Technical analysis: September SRW wheat extended the recent slide and hit yet another contract low today. Former support at $6.50 is now resistance. Looking to the weekly continuation chart, the next level of support stands at the June 2012 low of $6.07 1/2.
Hedgers: 50% of 2013-crop is sold in the cash market. 100% sold on of 2012-crop.
Cash-only marketers: 25% of 2013-crop sale is sold. 100% sold on 2012-crop.
Price action: Cotton futures ended high-range with slight gains of 3 to 16 points in all but the March contract, which ended 5 cents lower. This was generally a high-range close.
Fundamental analysis: Both buying and selling interest were limited in the cotton market today, though weakness in the U.S. dollar index gave bulls a slight advantage heading into the close. Weekly cotton export sales of 33,900 RB were light and down 33% from week ago, but paired with net sales of 96,200 RB for 2013-14, the overall tally was not all that grim (though neither was it "good"). China was the lead buyer, closely followed by Turkey.
Spillover from heavy selling in the soybean market also limited buying interest.

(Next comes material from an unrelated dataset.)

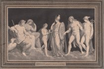 "Hercules Présenté à Jupiter et Junon (Hercules presented to Jupiter and Juno)," late 18th century, engraving by Jean-François Janinet, after a work by Jean-Guillaume Moitte. Jupiter and Juno seated at left, eagle facing right. Standing Hercules with two figures facing them. Figures on clouds. Border print tinted brown. (Number on object is 148/A1)
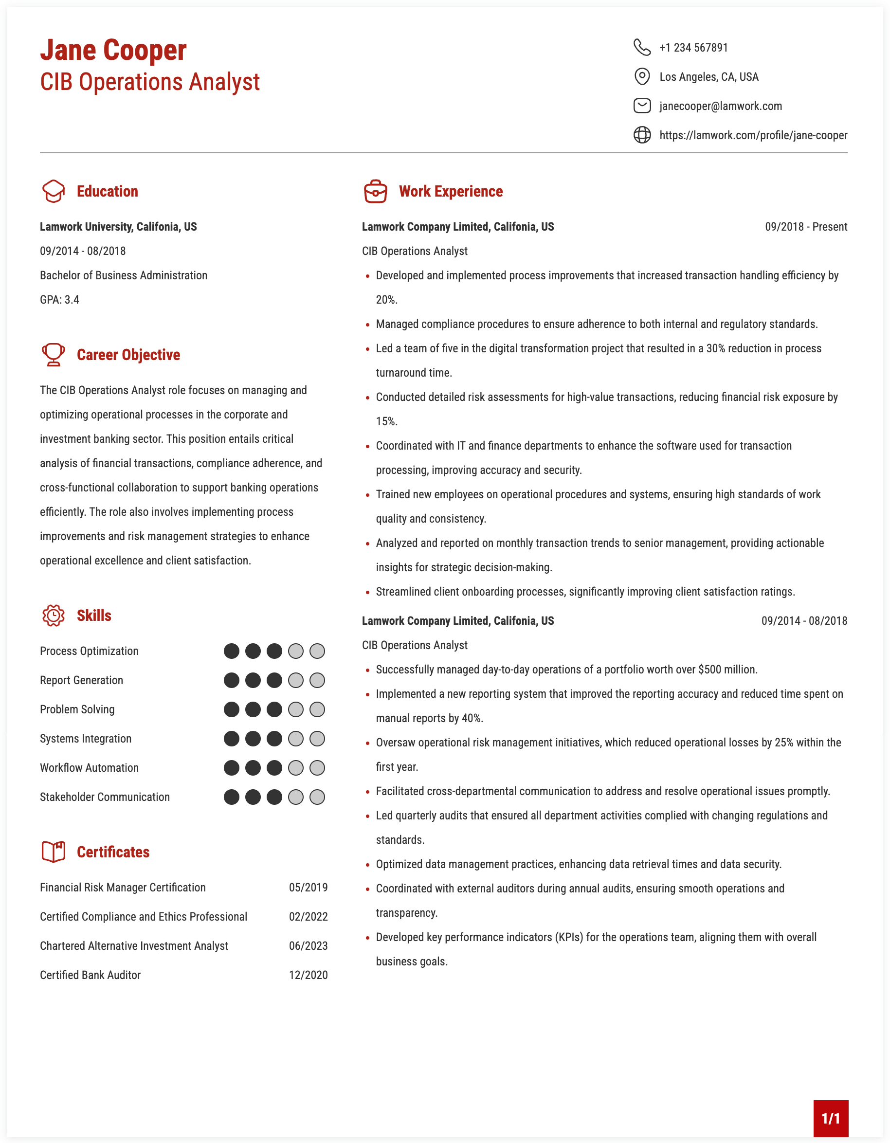 CIB OPERATIONS ANALYST RESUME EXAMPLE

Technical analysis: December cotton futures are making their way back toward the upper half of the market's wide choppy range that has bound action since March. The July high of 87.11 cents is initial resistance, followed by much tougher resistance at the June high of 89.56 cents. Support is layered from the July low of 83.58 cents to the June low of 81.72 cents.
Hedgers: 50% of expected 2013-crop production is hedged in December cotton futures at 83.87 cents. 50% of expected 2013-crop production is also sold via cash forward contract for harvest delivery. 100% sold on old-crop in the cash market.
Cash-only marketers: 85% sold on old-crop. 50% of expected 2013-crop production is sold via cash forward contract for harvest delivery.